The confining restrictions that we all hear about, Mr. Breen and the Hayes Production Code that strangled Hollywood with mundane rules such as no kisses lasting longer than 5 seconds, did not, contrary to popular belief, make old movies "boring." Instead they challenged the filmmakers to come up with a story that was both entertaining and accessible. The work of Billy Wilder and Alfred Hitchcock clearly show how any story worth telling can be made, and quite often be more entertaining and more stimulating because of what you don't see. Today's level of violence is to the point where nothing's shocking, and kids have seen it all, thanks to the media. What can Cinema bring to scare audiences with that isn't already being plastered all over our television in hopes of ratings? Back in the 40s, a skirt blown above the knee or a gun being shot was enough. We didn't even need blood! All of these things however, the steady position that the studios offered, the larger audience and subsequent stardom, the better stories, everything, is a shadow behind what I, being a man, feel is the best thing about the 40s: The Women.

They were smart, they were sensual but never obscene, they had wit as well as looks, they had fashion, they had style, and most of all, they were talented. Now I know that many of the leading ladies of the 40s were productions, taught and trained to be that way by studio finishing schools. But who cares? Rita Hayworth, whatever she was before 1946, was Rita Hayworth star of Gilda afterward. Even through the luminous black and white, I can still see her blazing red hair flowing from her glittering eyes and sensible cheeks. Yes, Bette Davis can outsmart me; yes, Joan Crawford can make me do whatever she wants me to; and yes, Katharine Hepburn can out duel me in debate. So? I like it! Julia Roberts will do as a neighbor but does she command the audience of every room she enters? Do her eyes burn with Lauren Bacall's fire? I think not. Can Meryl Streep handle the attention that comes to a woman like Barbara Stanwyck? Not likely. Can Jodie Foster keep up with Jean Arthur? Doubtful. All of these women hold more life, more spirit, and more joy than any of their contemporaries. Just filling a list of adequate replacements, not of girls next door or high school sweethearts but real Stars, gives me trouble.

Cinema was simpler back then, people knew what they liked and Hollywood knew how to deliver. There was no indecision that plagues us today, and it shows in films such as Casablanca and Gone With the Wind. Yet let it not be said that all films made during the Golden Age were factory-assembled. Some of the greatest, most personal films of all time had opportunity to surface (look to Ford's 'The Quiet Man' or Wyler's 'The Best Years of our Lives' for proof), while at the same time entertain audiences.

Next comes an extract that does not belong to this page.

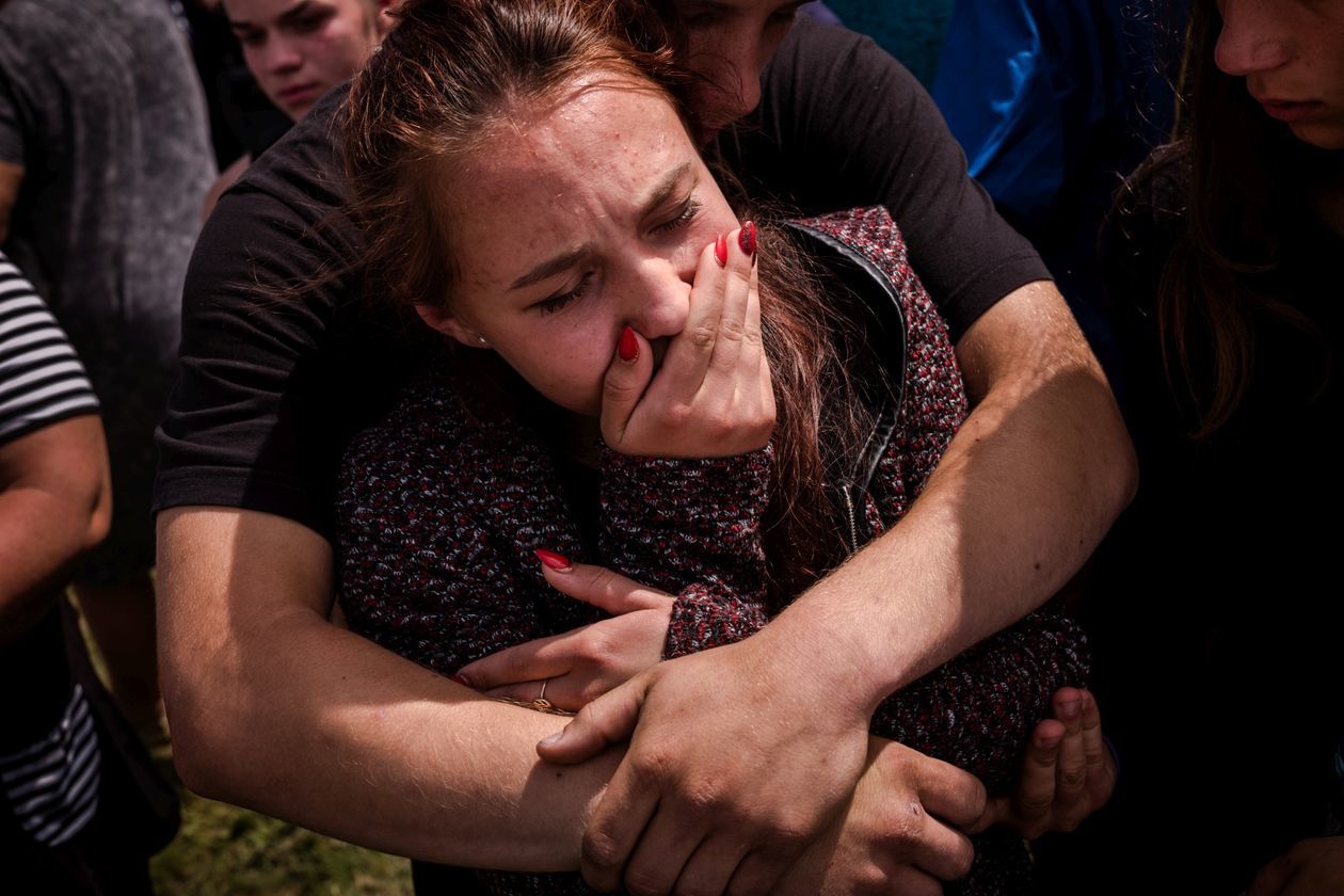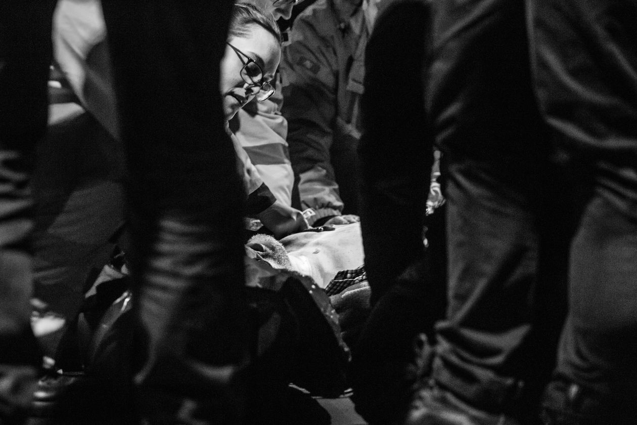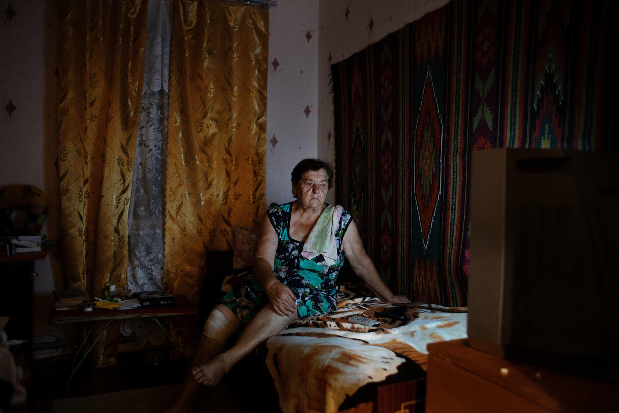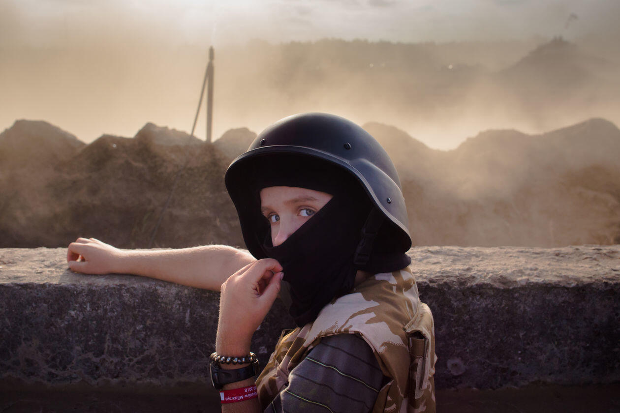 Ukraina: Trawnewe, Trojeckie. Wojna na Ukrainie trwa już piąty rok. Początkowo dynamiczny konflikt przerodził się w statyczną wojnę pozycyjną. Mimo porozumień mińskich, mających gwarantować zawieszenie broni, naruszenia rozejmu zdarzają się codziennie. Praktycznie codziennie też w wyniku ostrzałów giną ludzie – wojskowi i cywile. Na zdjęciach kolejno: 1) Worki z piaskiem w ostrzelanym domu w Trawnewe. Został trafiony kilkoma pociskami 14,5 mm wystrzelonymi w kierunku żołnierzy ukraińskich wracających z posterunku. Pociski przebiły framugi, ściany wewnętrzne i komin. 2) Ranny Andriej Macuj leży na podłodze domu sąsiadki Haliny, która rozpacza przerażona po ostrzale miejscowości Trojeckie. W nocy z 17 na 18 maja na wieś spadło ok. 10 pocisków moździerzowych. Ostatni trafił w dom państwa Macujów. Andriej i jego matka Swietłana przeżyli, zginął natomiast jego ojciec Jurij i 13-letni brat Dima. Ranny Andriej doczołgał się do domu Haliny, prosząc o pomoc. Po ponadgodzinnym oczekiwaniu karetka przyjechała tylko ze względu na to, że na miejscu byli dziennikarze goszczący u Haliny. 3) Ciało 13-letniego Dimy Macuja jest wnoszone na dziedziniec domu, w którym zginął. W tle babcia chłopca Vala Macuj i rodzina. 4) 5) Pogrzeb Dimy i Jurija Macujów zabitych w ostrzale moździerzowym miejscowości Trojeckie. 6) Ukraiński żołnierz „Brawo” na najbardziej wysuniętym posterunku we wsi Trawnewe. Na horyzoncie pozycje przeciwnika.

So instead of watching today's mediocrity, I have a tendency to escape back to a period where film was not only good, it was exciting. All these masters creating all of this work, all to be absorbed through the eyes like a dream, a fantasy not controlled by you. An emotional scenario played out by people you want to be. That era is unfortunately over. We've all waken up from that dream. Today we are in business, wading through mediocrity, mistaking failures as stylistic masterpieces just because it's been so long since any real style has shown itself. We need a History lesson.